╭──

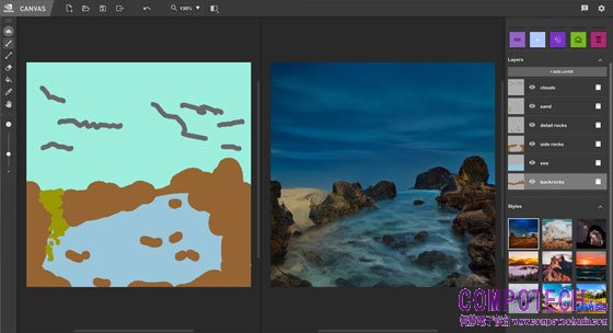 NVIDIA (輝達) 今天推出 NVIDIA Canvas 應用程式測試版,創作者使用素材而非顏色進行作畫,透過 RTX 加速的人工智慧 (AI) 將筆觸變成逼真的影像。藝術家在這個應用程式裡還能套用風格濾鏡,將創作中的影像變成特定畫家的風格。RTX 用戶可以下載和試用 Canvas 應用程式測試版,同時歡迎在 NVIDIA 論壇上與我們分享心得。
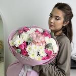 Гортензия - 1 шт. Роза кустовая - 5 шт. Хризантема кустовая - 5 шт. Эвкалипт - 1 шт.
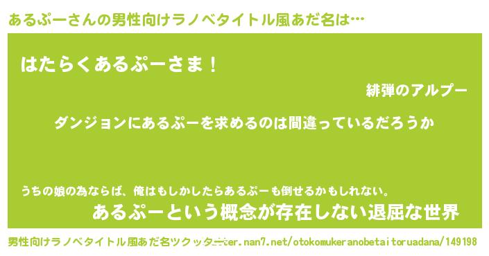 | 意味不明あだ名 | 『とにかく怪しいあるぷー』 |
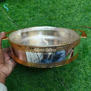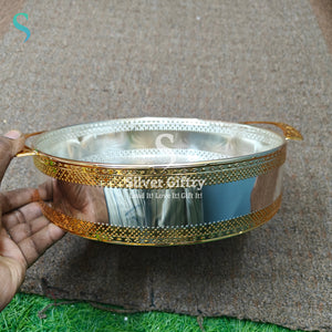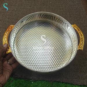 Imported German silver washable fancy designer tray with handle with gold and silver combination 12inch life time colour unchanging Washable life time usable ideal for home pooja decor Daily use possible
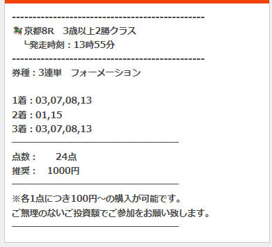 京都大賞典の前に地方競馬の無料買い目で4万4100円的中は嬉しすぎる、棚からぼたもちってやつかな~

╰──
╭──

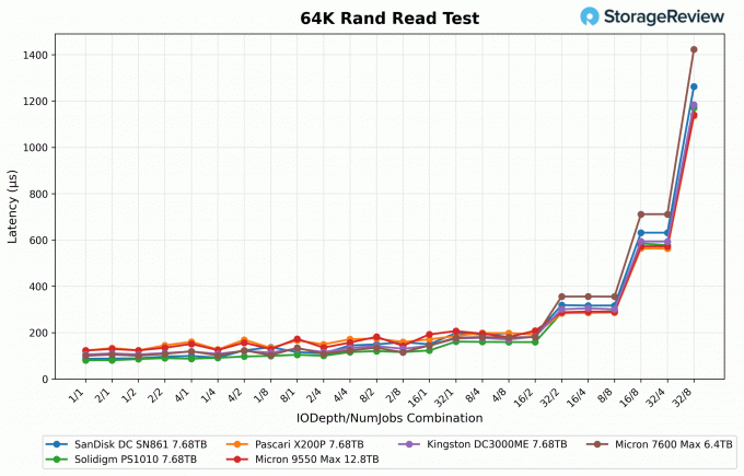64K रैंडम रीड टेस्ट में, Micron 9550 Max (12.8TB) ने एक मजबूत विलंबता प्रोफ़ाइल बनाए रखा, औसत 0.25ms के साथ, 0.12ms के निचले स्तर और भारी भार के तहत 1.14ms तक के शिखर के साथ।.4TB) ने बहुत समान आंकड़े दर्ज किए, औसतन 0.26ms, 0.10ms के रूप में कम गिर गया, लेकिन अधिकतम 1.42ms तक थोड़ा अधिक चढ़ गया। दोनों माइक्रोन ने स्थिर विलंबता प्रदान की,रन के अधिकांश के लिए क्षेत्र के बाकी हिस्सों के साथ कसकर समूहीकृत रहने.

╰──

◆ Exercise ◆
Leaving all pictures out, output exactly the lines of the material above from the line with "NVIDIA (輝達) 今天推出" to the line with "京都大賞典の前に地方競馬の無", both included.

◆ Solution ◆
 NVIDIA (輝達) 今天推出 NVIDIA Canvas 應用程式測試版,創作者使用素材而非顏色進行作畫,透過 RTX 加速的人工智慧 (AI) 將筆觸變成逼真的影像。藝術家在這個應用程式裡還能套用風格濾鏡,將創作中的影像變成特定畫家的風格。RTX 用戶可以下載和試用 Canvas 應用程式測試版,同時歡迎在 NVIDIA 論壇上與我們分享心得。
 Гортензия - 1 шт. Роза кустовая - 5 шт. Хризантема кустовая - 5 шт. Эвкалипт - 1 шт.
 | 意味不明あだ名 | 『とにかく怪しいあるぷー』 |
 Imported German silver washable fancy designer tray with handle with gold and silver combination 12inch life time colour unchanging Washable life time usable ideal for home pooja decor Daily use possible
 京都大賞典の前に地方競馬の無料買い目で4万4100円的中は嬉しすぎる、棚からぼたもちってやつかな~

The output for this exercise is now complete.